Varicoceles are swollen veins in your scrotum. They usually cause mild symptoms, including scrotal swelling or aching pain in your testicle. They may not cause any symptoms at all. However, they’re a common cause of infertility. A healthcare provider can diagnose a varicocele and recommend the proper treatment.


Varicoceles are an enlargement of the veins in your spermatic cord, which holds your testicles in place.
A varicocele is an enlargement of the veins in your spermatic cord. Varicoceles don’t usually have symptoms, but may feel like spaghetti or cause dull pain in the affected area.

What is a varicocele?

A varicocele (VAIR-ick-oh-seal) is a common disorder that enlarges the veins in your scrotum. Your scrotum is the pouch of skin behind your penis that typically contains your testes (testicles). Varicoceles are similar to varicose veins. Varicose veins cause veins in your legs to swell and lose their shape.

Varicoceles are usually painless but can sometimes cause testicular pain, which may come and go. In some people, a varicocele may cause infertility. If a varicocele doesn’t bother you, you may not need treatment.

Is a varicocele serious?

Varicoceles aren’t life-threatening. However, a varicocele can be very serious if you’re trying to have a biological child.
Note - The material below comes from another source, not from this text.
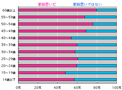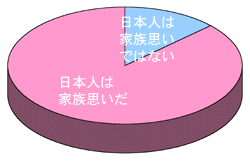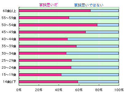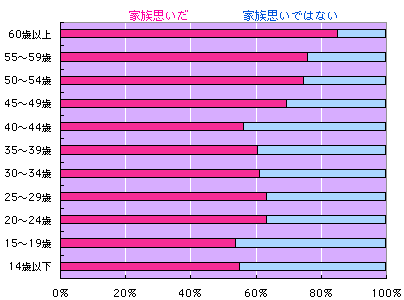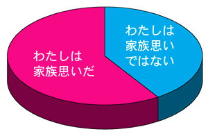 9割近くが、「日本人は家族思いだ」に投票しています。 この結果予想を見ると、 「ほとんどの人が 家族思いのはずだ」 という、神話のようなものが みんなの中にあったことがわかります。 しかしながら、結果は、最初にお伝えしたとおり 「けっこう」、つまりは、 「家族思いではない ということはない」 といった程度の、家族思い率でした。 みなさんの、正直で真摯なお答えと メールに感謝いたします。 さて、いつものように、 男女別、男女年齢別、住んでいるところ別など、 それぞれのグラフをご覧ください。 最後に、メールを紹介します。

Can varicoceles affect fertility?

Yes, varicoceles can affect fertility in some people. Varicoceles can contribute to about 40% of all cases of male infertility. However, many people with varicoceles have no problems achieving pregnancy.

Medical experts don’t understand what role varicoceles play in infertility. It’s possible that the temperature inside your scrotum increases due to the buildup of blood in the veins. The higher temperature affecting both testicles may affect sperm count or production.

Talk to a healthcare provider if you suspect you have infertility. Fertility concerns are the top reason why people receive varicocele treatment.

How common are varicoceles?

Varicoceles affect 15% to 20% of all men and people assigned male at birth (AMAB) in the United States — about 1 in 5. A varicocele is more likely to occur on the left side of your scrotum because of differences in how blood drains from your left testicle back into the major veins of the body. Less commonly, it can affect the right side or both sides.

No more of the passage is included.